Tuesday, November 25, 2014

How Do I Make a Medical Decision? Part II

When last I wrote about making a medical decision (Part I), I focused on the importance of identifying a trusted source to assist you in the process.  While there are inanimate sources such as Internet sites of more or less trustworthiness, printed or pixelated matter informants are one-way interactions.  You  match your situation with the closest approximation available which cannot in turn adjust its wisdom to the unique details of your past or present history.

So let's say your matter involves a consultation with a medical professional.  You've doubtless arrived with thoughts on your subject. What's going through your doc's mind as you meet face-to-face?  

From the first moment that I greet a patient, I am already forming hypotheses or educated guesses. Back in the good old days, I'd walk to the waiting room to call a patient in; we'd shake hands in greeting ( fingers dry? cold? clammy? weak?)(1), then I'd watch them walk--or limp--down the hall.   Armed with the 'reason for visit' from my day's schedule, I'm looking for pattern recognition from moment one of our visit, and 33 years into practice, I've seen a lot of patterns go by(2).  In for foot pain?  Teenaged boy limping with skateboard in hand maybe has broken his toe; older, stout man in a suit, well perhaps he's got gout.

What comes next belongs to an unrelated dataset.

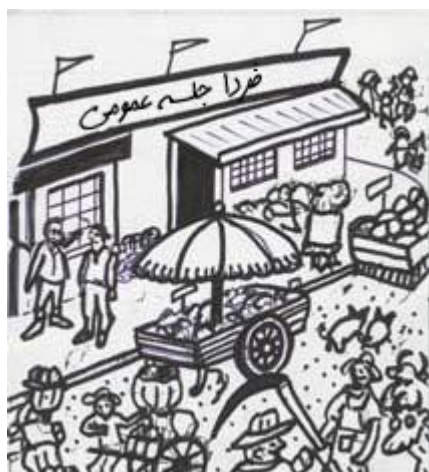
بازار همیشه شلوغ و پرگرد و خاک بود...

روز تشکیل بازار همیشه شلوغ و پر گرد و خاک بود با این حال مردم با اشتیاق منتظر فریاد زدن‌ها و جنب و جوش و خصوصا هم‌صحبتی در آن می‌ماندند. اینجا معمولا مکان شادی بود اما حالا مردم بسیاری جمع می‌شدند و جر و بحث‌های زیادی صورت می‌گرفت. دیگر زمانی برای گپ‌زدن باقی نمانده بود... سیستم بهتری مورد نیاز بود.

My thoughts are forming as I call on experience (Have I seen this before?) and/or evidence (Have I read about this before?).  If I jump to a conclusion too fast, a diagnostic error called 'premature closure', I'm risking a missed diagnosis which could be inconsequential or a downright disaster.  If I narrow the diagnostic field not at all (which, unfortunately, seems to be an ER predisposition), I may be heading for an unguided work-up of unbridled costs in money and time.  What if I don't let go of my initial impression as contradictory test results come in--an 'anchoring bias'--or fall into a 'confirmation bias' in which I highlight data that supports my anchored diagnosis, ignoring the results that just don't fit in. 

No wonder patients prefer doctors with whom they have a history, seek information on the Internet, and request second opinions.  Now more than ever, get informed and ask questions. Be an advocate for yourself and your family; you're half of the diagnostic partnership.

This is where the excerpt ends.